Human Exposure To Vacuum: Part 2

In my first post on this topic, I discussed some physics and physiology, in an effort to predict and explain the likely consequences for a person exposed to the vacuum of space.

In this part, I’m going to look at the evidence from animal experiments and human accidents.


The animal decompression experiments were carried out in the 1960s. The original reports used to be available on-line, but they seem now to have vanished. I suspect the organizations involved have concerns about being associated with these experiments, even though they took place half a century ago. They are, however, summarized in the second edition of the Bioastronautics Data Book, and in a 1968 NASA report entitled Rapid (Explosive) Decompression Emergencies in Pressure-Suited Subjects (5.7 MB pdf). The NASA report (NASA CR-1223) provides more physiological detail, and that’s what I’m using for the information below unless otherwise stated.

Boiling and swelling

Dogs were decompressed to ambient pressures of 2 mmHg—effectively a vacuum, and well below the 47 mmHg pressure threshold that marks the Armstrong Limit, the point at which water boils at body temperature. This decompression was accompanied by

… violent evolution of water vapor with swelling of the whole body of dogs.

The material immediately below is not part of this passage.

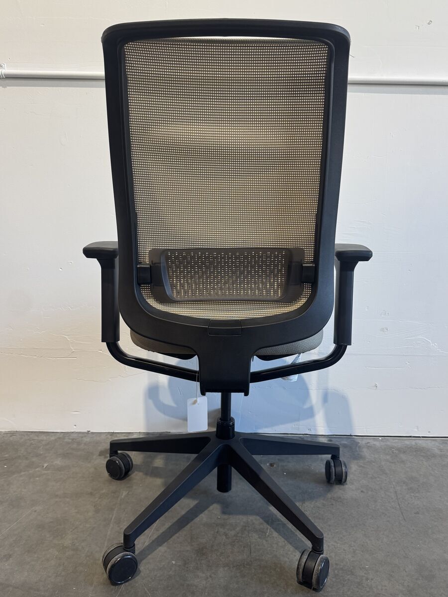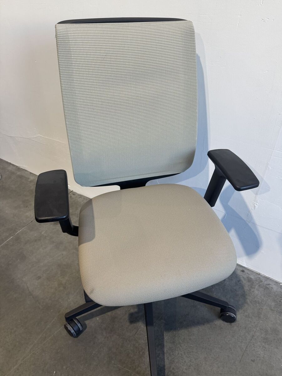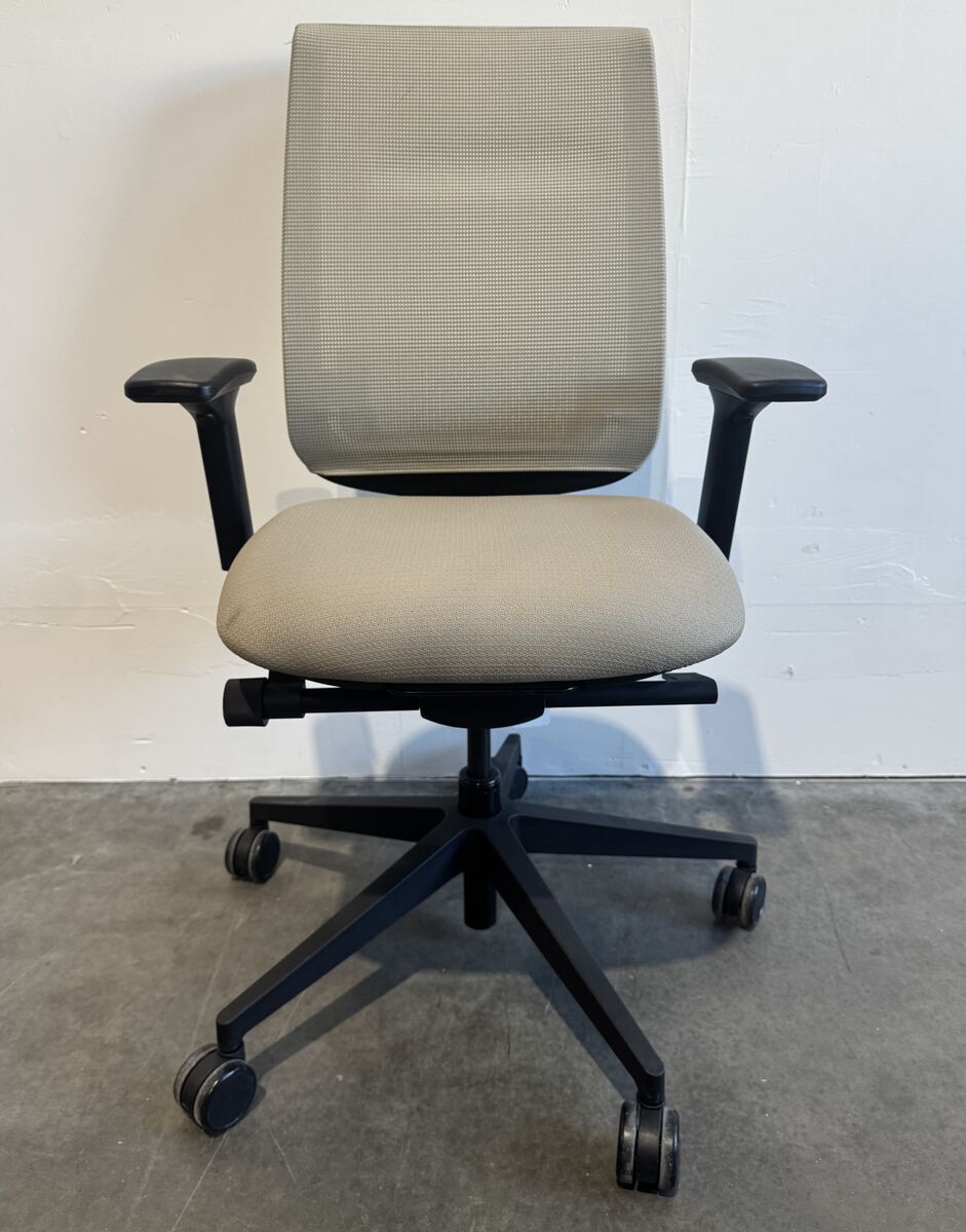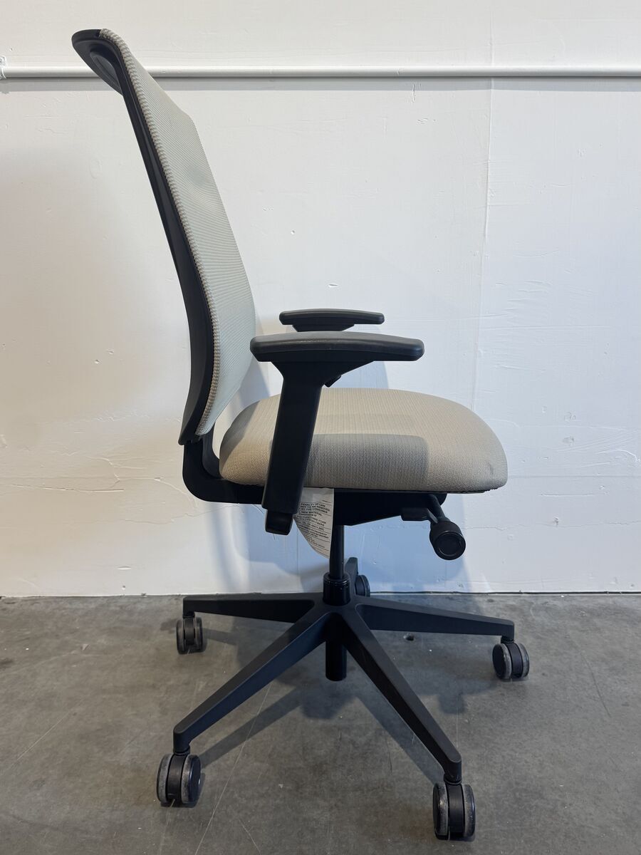 Rolling office task chair, adjustable height and arms, tan mesh back with tan cushion by Steelcase. 4 chairs available.

The Bioastronautics Data Book adds that the body swelled to “perhaps twice as much as its normal volume”.* How fast did that happen? Experiments in which the gaseous composition of the subcutaneous bubbles was monitored showed:

At first there appears to be a rapid conversion of liquid water to the vapor phase which reaches a peak at one minute and continues at a slower rate for several minutes. There is an initial rush of carbon dioxide, nitrogen, and oxygen into the pocket, but carbon dioxide and the nitrogen soon become predominant.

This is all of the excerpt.